Dozens of workshops were held during the three days of events. Topics included non-violent civil disobedience training, how to respond to “security culture”, and a teach-in on professional accounting techniques. The subjects were wide-reaching and pretty much all-encompassing. When folks weren’t taking part in the workshops, they were conducting discussion groups, attending music concerts or marching in protests and rallies.

Fortunately, due to a sympathetic federal judge, many of the folks who had been banned from state property at previous demonstrations were now allowed to participate in conference events at the state capitol campus. US District Court Judge Robert J. Bryan honored my request for a restraining order. The judge’s order stopped the Washington State Patrol from continuing their practice of banning protesters and press from state capitol property without due process of law.
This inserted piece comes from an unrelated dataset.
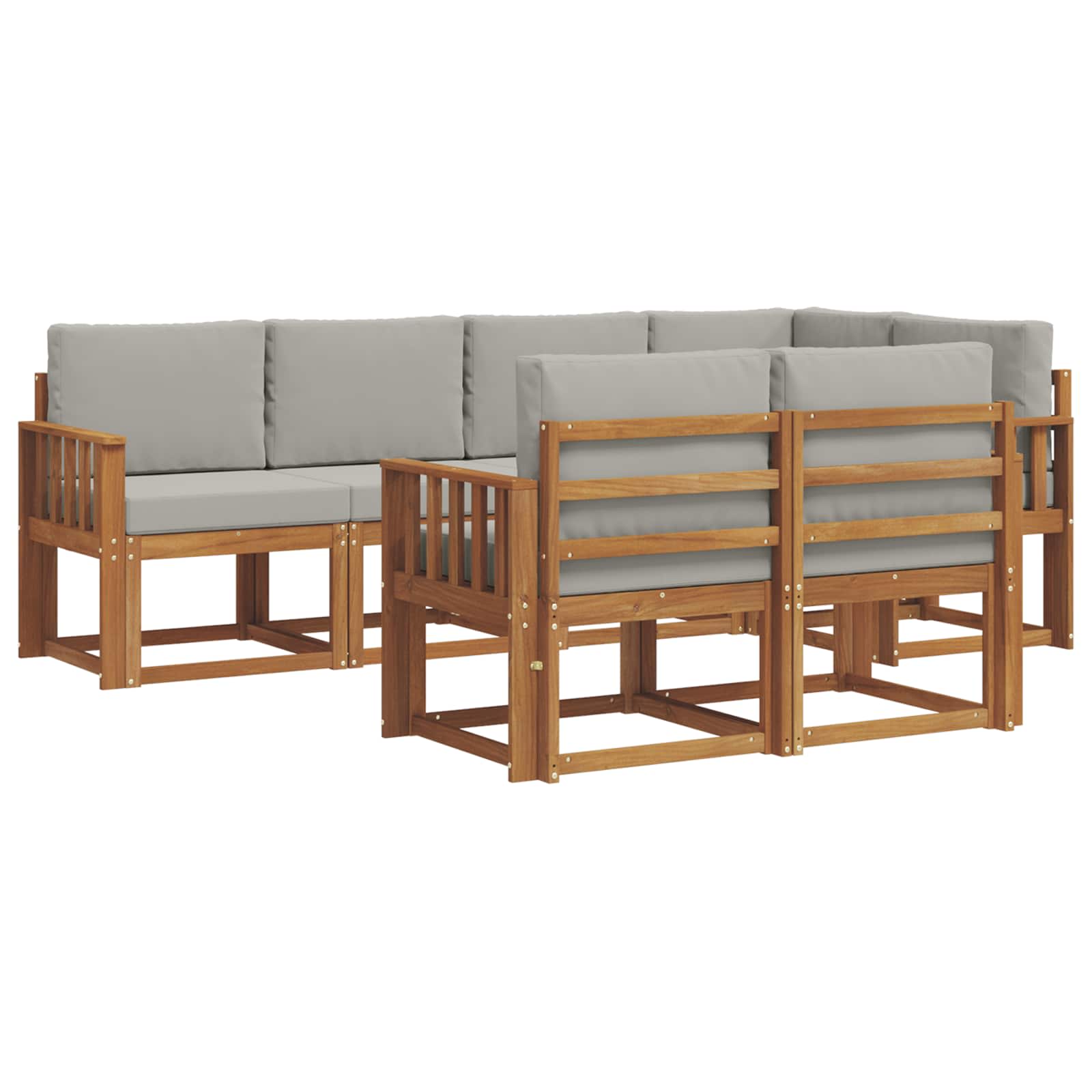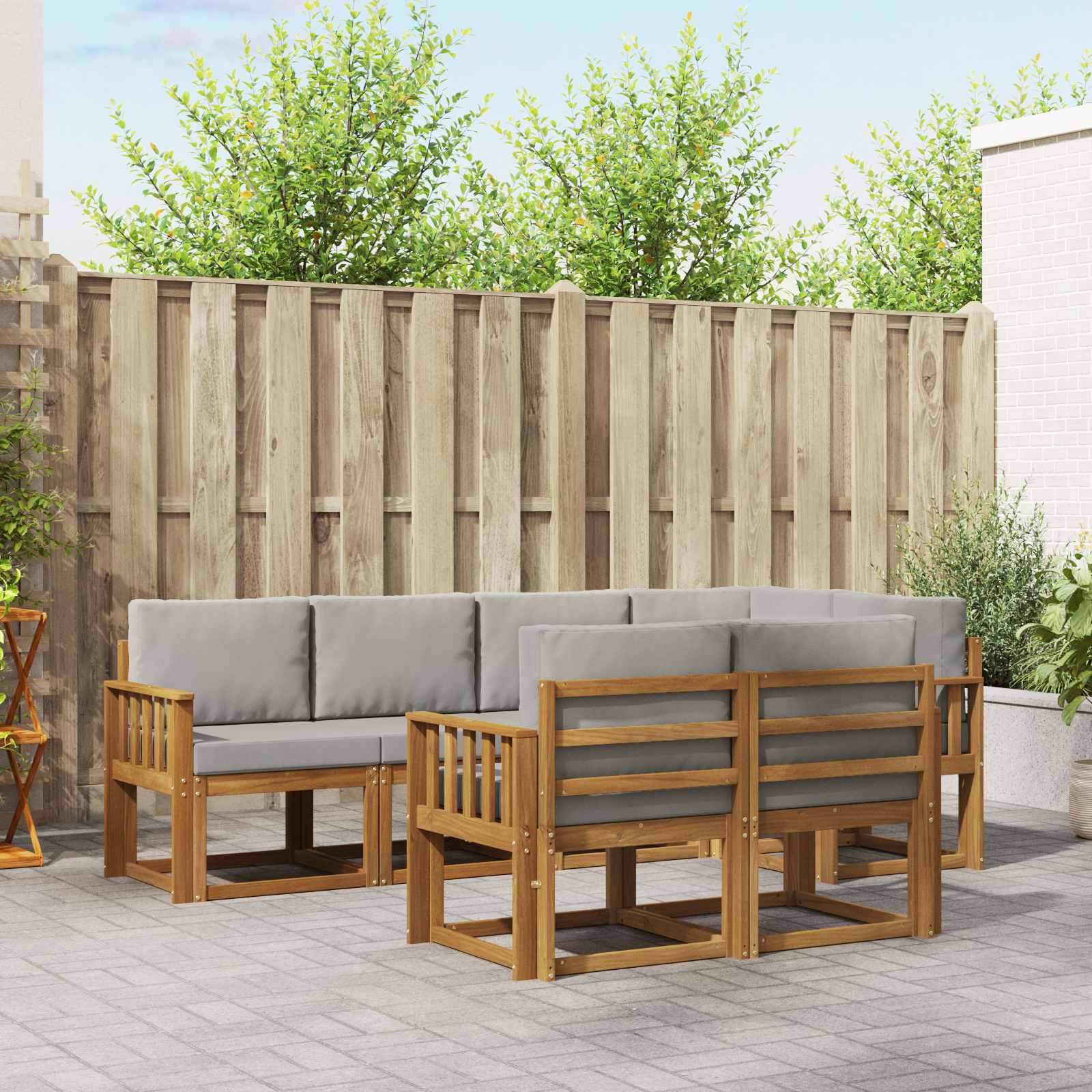 Setul de canapele secționale pentru exterior e o adăugare grozavă pentru orice grădină, patio sau zonă de lângă piscină. E din lemn masiv de acacia, așa că e super durabil și elegant. Designul modern, simplu și funcțional, îl face ideal pentru cei care iubesc liniile curate și minimalistul. Fie că distragi oaspeți sau pur și simplu te relaxezi, acest set oferă confort și stil.

The WSP has now agreed to rewrite its policies on dealing with protesters and media. Without this successful civil rights lawsuit against the Washington State Patrol, many of the folks from Occupy Olympia and Occupy Seattle would have been subjected to arrest for criminal trespass while attending events at the national occupy conference.

Future of The Movement

The Occupy Solidarity Social Forum has discredited any previous claims by the Wall Street Journal and New York Times that the occupy movement is dead. The truth of the matter was evident for all to see in Olympia. I met delegations from all around the nation and even folks from Europe. There were participants in attendance from the original Occupy Wall Street group in New York City. I also met folks from Detroit, South Carolina, Tucson, Missoula, San Francisco, Barcelona, etc.

I witnessed very little of the kind of dissension within the movement that the corporate news media has tried to stir up. Despite people’s various political, economic, racial or ethnic backgrounds, we all agreed on one thing – the occupy movement is part of a global uprising against the abuse of power and the widespread corruption in financial markets and in the government.

The spirit of the international movement for social and economic justice is much larger than any one individual, group, or nation. I quote Dr. Cornell West who told the occupiers in Seattle – “I agree that this movement is a response to over 300 years of colonialism and economic oppression. It has been a long time coming and it’s not going to go away anytime soon!”

In reality there are currently demonstrations and marches taking place every single day of the week somewhere in the US. Indeed, Dr West is correct – the occupy groups are not going away. In fact, they are getting more organized and effective. Occupiers have taken on local and federal governments and corrupt “banksters” across the nation, from Seattle to Sanford, Florida.

Panel discussion at City Hall in Seattle – What is the Occupy movement?……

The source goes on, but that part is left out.